Updated

"The Lord of the Rings: The Return of the King" (search) helped reverse last year's sharp drop in Oscar viewership, but the staid ceremony couldn't match the buoyant "Titanic" ratings of 1998.

ABC's telecast Sunday drew 43.5 million viewers, up 32 percent over last year's war-depressed ratings and putting the show on par with 2002 (41.8 million) and 2001 (42.9 million).

But even the last installment of the enormously popular "Rings" fantasy epic, which won 11 Academy Awards (search) to tie the record shared by "Titanic" (search) and "Ben-Hur," couldn't pull ABC close to the high of 55.2 million viewers who tuned in when "Titanic" ruled.

Last year, when "Chicago" (search) took best picture and the ceremony coincided with the start of the Iraq war, ratings dipped to a modern low of 33 million viewers.

ABC, which organized a massive promotional blitz to restore luster and ratings to this year's show, said it was satisfied with the results. Oscar plugs were inserted in ABC soap operas and other shows.

"Anytime you get a 32 percent gain versus a year ago, you have to be pleased," Larry Hyams, ABC research chief, said of the figures released Monday by Nielsen Media Research.

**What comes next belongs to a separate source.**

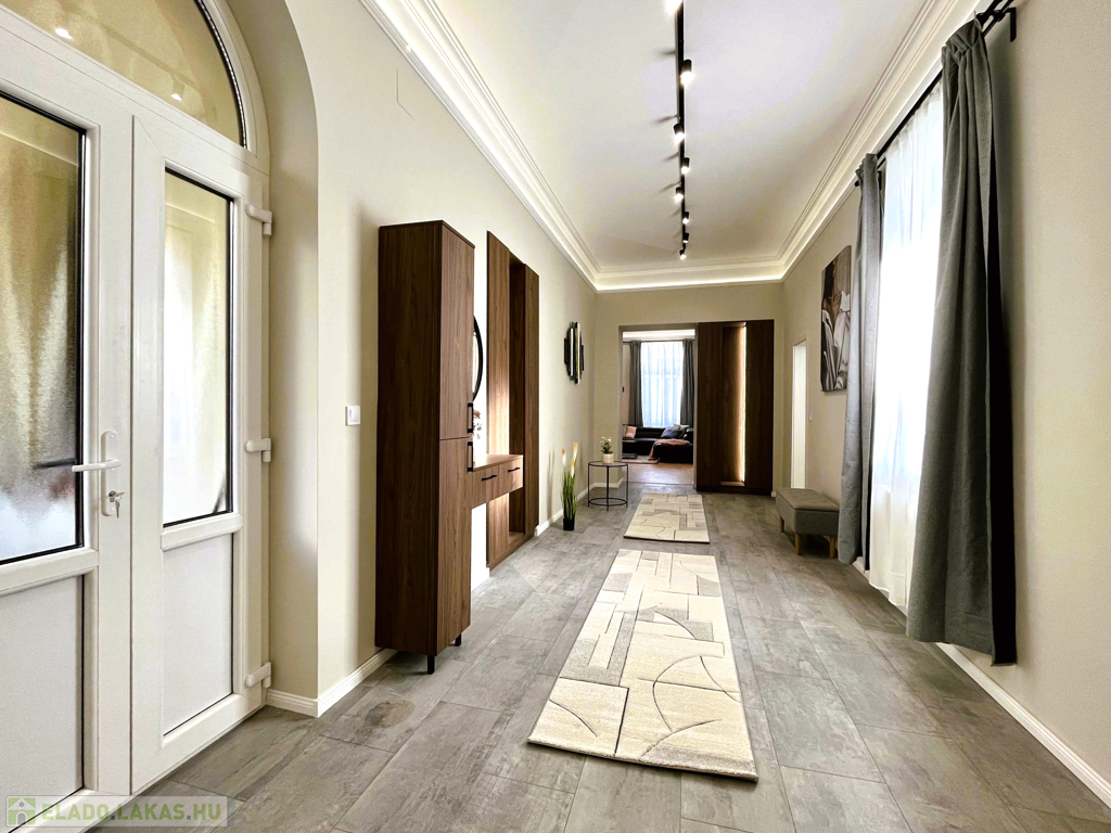 eladásra egy 126 m2-es, teljeskörűen felújított, harmadik emeleti, keleti tájolású, elegáns

Final ratings were to be released Tuesday with little if any variation expected.

First-time ceremony producer Joe Roth — a studio head whose company's credits include the mainstream "Anger Management" and "Daddy Day Care" — brought back popular host Billy Crystal and his clever pre-filmed openings.

Moving the ceremony up by a month and keeping it relatively tight (3 hours and 25 minutes, well shy of the 2002 record of 4 hours, 23 minutes) also helped, said academy President Frank Pierson.

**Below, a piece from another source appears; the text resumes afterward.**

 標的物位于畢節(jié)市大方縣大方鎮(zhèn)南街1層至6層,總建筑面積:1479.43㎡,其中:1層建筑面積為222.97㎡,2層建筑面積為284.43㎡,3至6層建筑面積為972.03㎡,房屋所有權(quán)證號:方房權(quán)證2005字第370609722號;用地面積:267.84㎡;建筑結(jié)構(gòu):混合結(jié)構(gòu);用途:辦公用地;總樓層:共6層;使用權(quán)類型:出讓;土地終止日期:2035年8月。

"I think the show went smoothly. We ended just a few minutes past midnight in New York, which is good. We started six weeks earlier this year, and that paid off," he said Sunday night.

Others were not so kind toward the 76th Oscar telecast which, as usual, had long stretches of celebrity-free awards (such as best sound mixing) livened by brief bursts of fun. Adrien Brody (news)'s mouth-spritzing to prepare for "Monster" best actress Charlize Theron — playing off his Halle Berry (news) liplocking after he won best actor last year — was one bright spot.

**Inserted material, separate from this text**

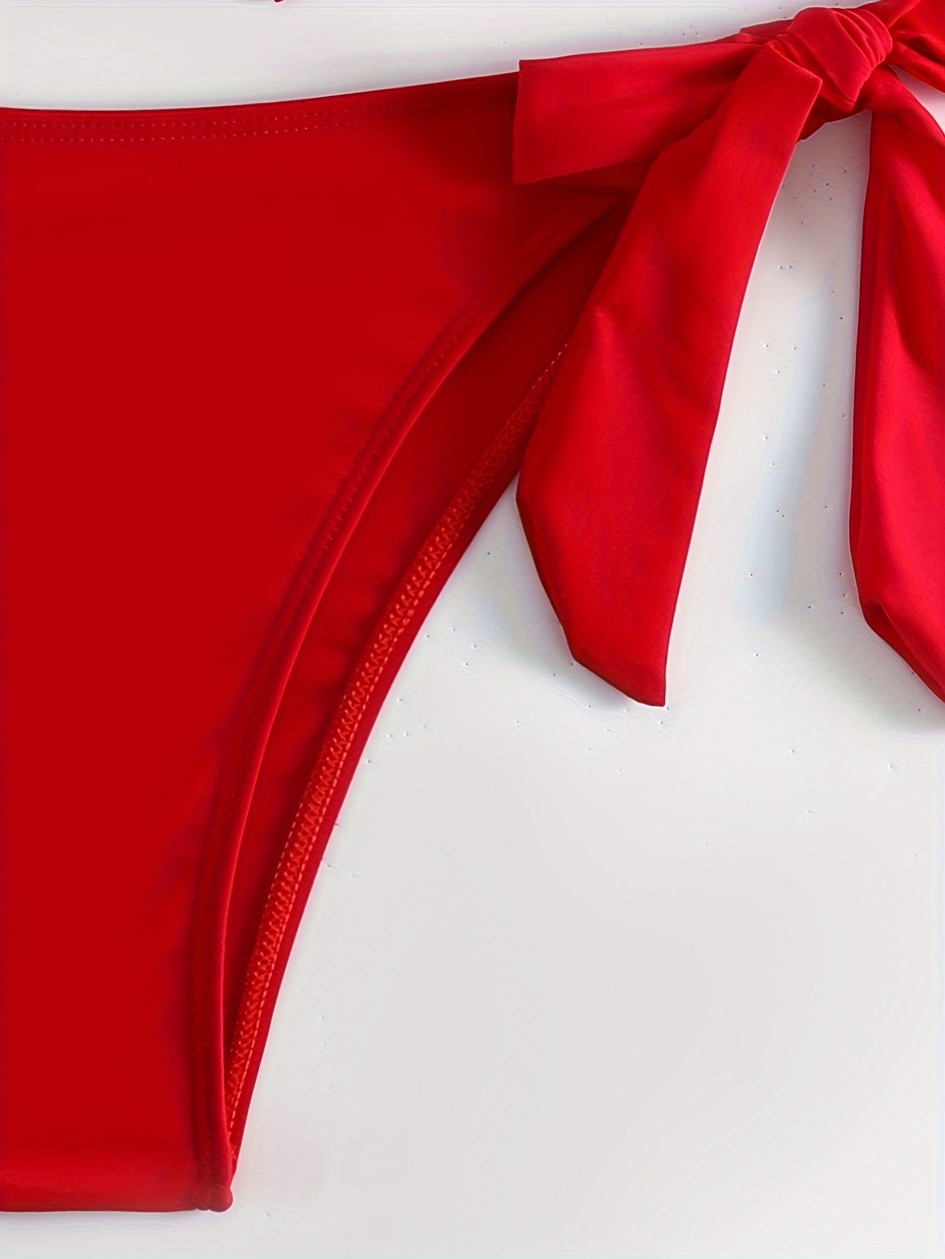 Red Solid Color Bikini Set with Lace Up Halter Neck and High Stretch Fabric

With the once-reviled dance numbers gone, it became clear that "the Academy Awards are basically just four hours of movie stars doing dramatic thank-you note readings," wrote Carina Chocano of the Los Angeles Times.

The ceremony also dodged the kind of political grenade that documentary maker Michael Moore dropped at last year's show or the brazenness of Janet Jackson's peep show (although cleavage was plentiful).

"Whether guided by decorum or a desire to play nice with Washington powers-that-be already incensed by the Super Bowl halftime show, everybody stayed safe," commented TV Writer Frazier Moore of The Associated Press.

With the academy voting the party line with "The Lord of the Rings" — it swept all of the 11 categories in which it was nominated — the show also became increasingly predictable.

Even famous attendees were less than impressed.

"There were no surprises," Elton John said at a post-Oscar party.

"I think Billy (Crystal) was very funny, but there is still a lot of boring stuff you have to sit through," said Will Smith, among the presenters.

The J.R.R. Tolkien epic's third installment, breaking through an Academy bias against fantasy projects, picked up trophies including best picture, best director for Peter Jackson and best song.

The first two "Rings" films won only technical or music awards.

"I think the fact that we had goblins and trolls and wizards and everything else made it hard for people to take it seriously," Jackson said backstage. "I appreciate that the academy and voters tonight have seen through all that."

None of the cast was in the running, clearing a bit of room for other films. The lead acting trophies went to Theron and to Sean Penn for "Mystic River," with supporting-performance Oscars went to Tim Robbins for "Mystic River" and Renee Zellweger for "Cold Mountain."

Sofia Coppola's victory for original screenplay for "Lost in Translation" made her family the second clan of three-generation Oscar winners, joining Walter, John and Anjelica Huston. Her father is five-time winner Francis Ford Coppola, who was an executive producer on "Lost in Translation," and her grandfather, Carmine Coppola, won for musical score on "The Godfather Part II."